Take StreamBoost, the selling feature of the router, for example. This feature senses Internet traffic and automatically prioritizes the bandwidth, in real time, to make sure lag-sensitive applications such as online gaming and video chatting get priority while other, less important activities, such as file downloading, take a back seat. While this feature functioned well for the most part in my trials, the way it’s organized in the interface is terrible at best.

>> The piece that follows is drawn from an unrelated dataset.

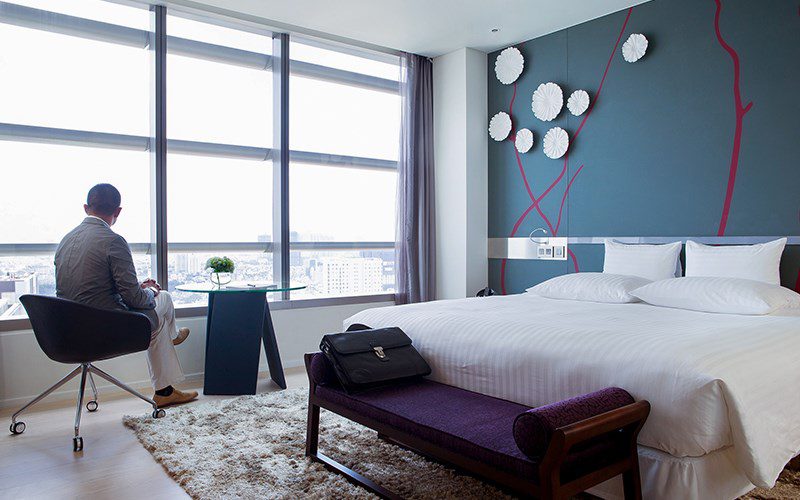 – Hạng Executive: Số lượng 55 phòng nằm ở vị trí cao hơn từ tầng 25 đến tầng 29. Mỗi phòng có diện tích 35m2. Nội thất, tiện nghi nổi bật gồm 01 giường cỡ lớn/02 giường đơn, bồn tắm nằm, máy pha cà phê, thảm tập Yoga, tạ tập tay, bàn ủi đồ. Phòng có thể kê thêm giường phụ.

First of all, to turn StreamBoost on or off, you’ll need to go to Setup in the main menu and then the StreamBoost tab. (Here you can also opt in to StreamBoost’s Automatic Update, which regularly updates information on what application needs what type of priority. Joining this is generally a good thing, however, it does mean the router will send Qualcomm information about your network.) Once on, StreamBoost prioritizes the Internet by applications as well as by clients, which you can manually adjust in an entirely different part of the interface, the Priority tab in the My Network section. This separation makes StreamBoost and the priority list seem unrelated. It would be better if StreamBoost and all of its related settings were in one place.

Secondly, the priority list itself is very badly designed. Once StreamBoost is turned on, the interface arbitrarily puts all connected clients in a numeric order with No. 1 as the top priority. If you have multiple computers in a network, rearranging this list to match your desired priorities is usually a must, but unfortunately not easily. This is because you can move only one client at a time and only one step at a time. For example, if you want to move a computer from 3 to 1 you have to first move it to number 2, and then from 2 to 1. In other words, if you have 10 computers in your network and need to move the one at the bottom to the top, you will have to move it 10 times. It would be much less frustrating, especially in a large network, if you could just drag and drop the clients at will.